Menurut Sky Sports, Argentina akan menghadapi Inggris dalam pertandingan sistem gugur FIFA World Cup, dengan Messi bermain melawan Inggris untuk pertama kalinya dalam karirnya. Inggris tidak memiliki gelandang bertahan ortodoks untuk menjaga Messi, atau bisa mengerahkan Spence untuk menjaganya satu lawan satu.

Laporan menyatakan bahwa Inggris, bermain dengan sepuluh pemain, mengalahkan tuan rumah bersama Meksiko di Stadion Azteca, kemudian menyingkirkan Norwegia yang diperkuat Haaland di perempat final. Sekarang, tim ini menghadapi juara bertahan FIFA World Cup dan harus mengatasi tantangan Argentina yang dipimpin Messi.

Pertarungan ini membawa kenangan yang tak terhitung, baik yang penuh gairah maupun yang mengharukan. Sir Alf Ramsey secara tidak sengaja menyebut pemain Argentina "hewan" pada tahun 1966. Dua puluh tahun kemudian, Diego Maradona mencetak gol "Tangan Tuhan" dan "Gol Abad Ini" dalam beberapa menit.

Persaingan antara Inggris dan Argentina berakar pada perang dan sejarah kolonial, dengan konfrontasi terus-menerus di dalam dan di luar lapangan. Ada gol klasik Michael Owen, pelanggaran impulsif David Beckham terhadap Diego Simeone, dan penebusannya dari titik penalti empat tahun kemudian.

Namun Messi belum pernah berpartisipasi dalam persaingan ini sebelumnya.
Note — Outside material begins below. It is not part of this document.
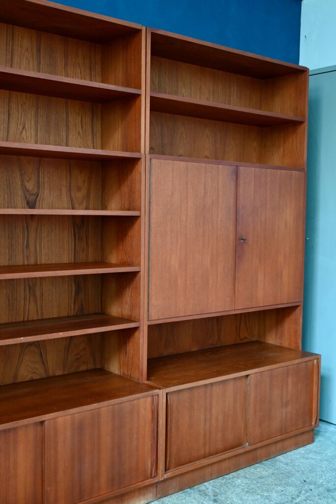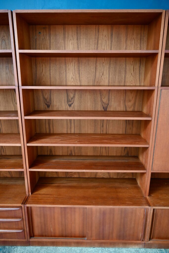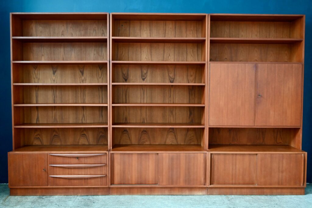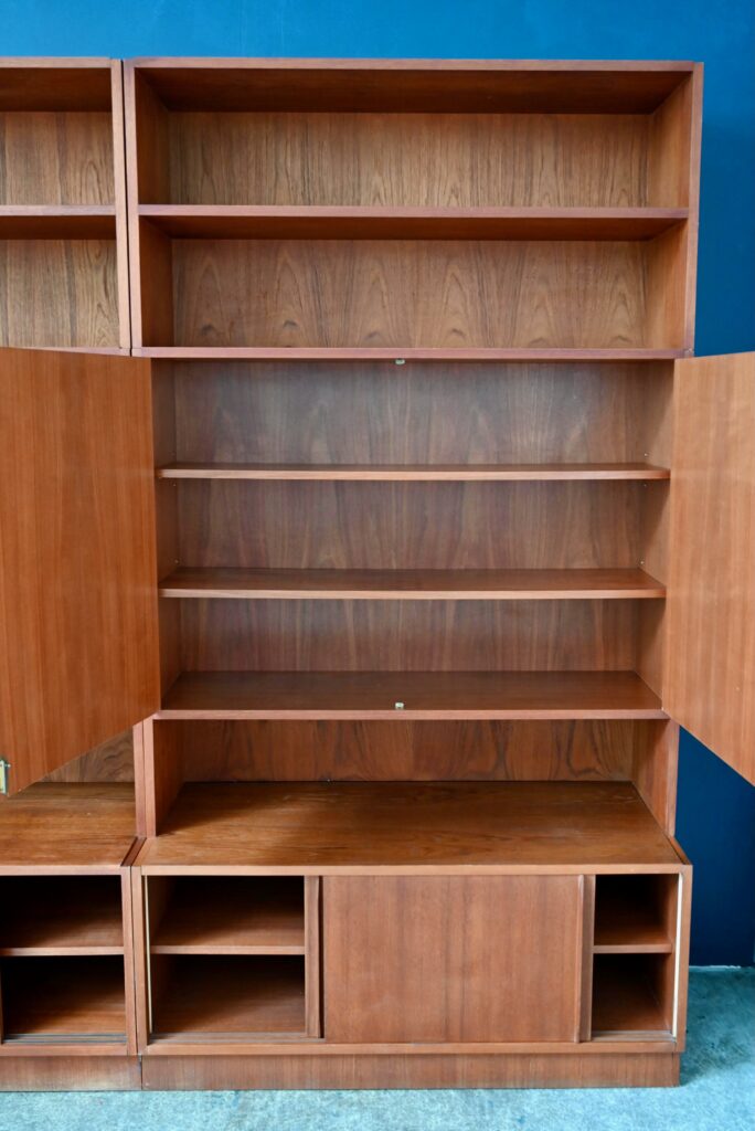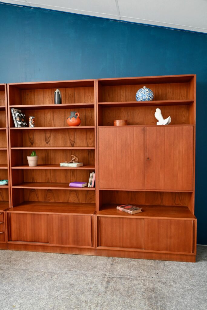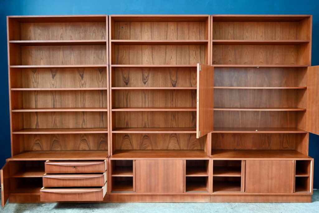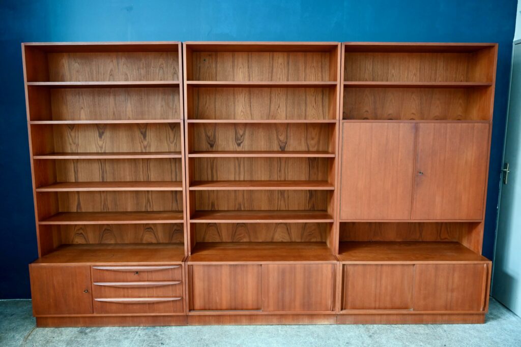 Ce grand ensemble de mobilier modulable est une production des années 60. Le designer Heinrich Riestenpatt propose une solution de rangement haut de gamme, fonctionnelle est adaptable à toutes les situations. Les éléments sont en teck et placage teck, Les 3 bibliothèques sont modulables : caisson, étagères et rehausse qui s’imbriquent parfaitement. Le caisson est plus profond et les étagères. L’ensemble dispose de tablettes, étagères, caissons de rangement, tiroirs, vaisselier fermé par des portes battantes Ce wall system élégant et de très belle qualité sera une bibliothèque idéal et meuble parfait pour présenter une déco choisie, meuble de salon pour la Hifi. L’ensemble est mis en valeur par la chaleur du teck au moyen de lignes évidentes et d’assemblages soignés.

Ini adalah pertandingan Messi yang ke-206 untuk Argentina dan yang pertama melawan Inggris. "Saya belum pernah bermain melawan Inggris," kata Messi, "Ini adalah yang pertama kalinya, dan pertandingan ini ditakdirkan untuk menjadi spesial."

Bayangan Maradona selalu membayangi.

Messi pernah berpikir bahwa dengan banyaknya trofi besar yang telah ia menangkan dan rekor sepak bola yang telah ia pecahkan selama bertahun-tahun, ia telah sepenuhnya keluar dari aura legendaris Maradona, dan tidak lagi perlu terus-menerus dibandingkan dengan Raja sepak bola Argentina yang asli.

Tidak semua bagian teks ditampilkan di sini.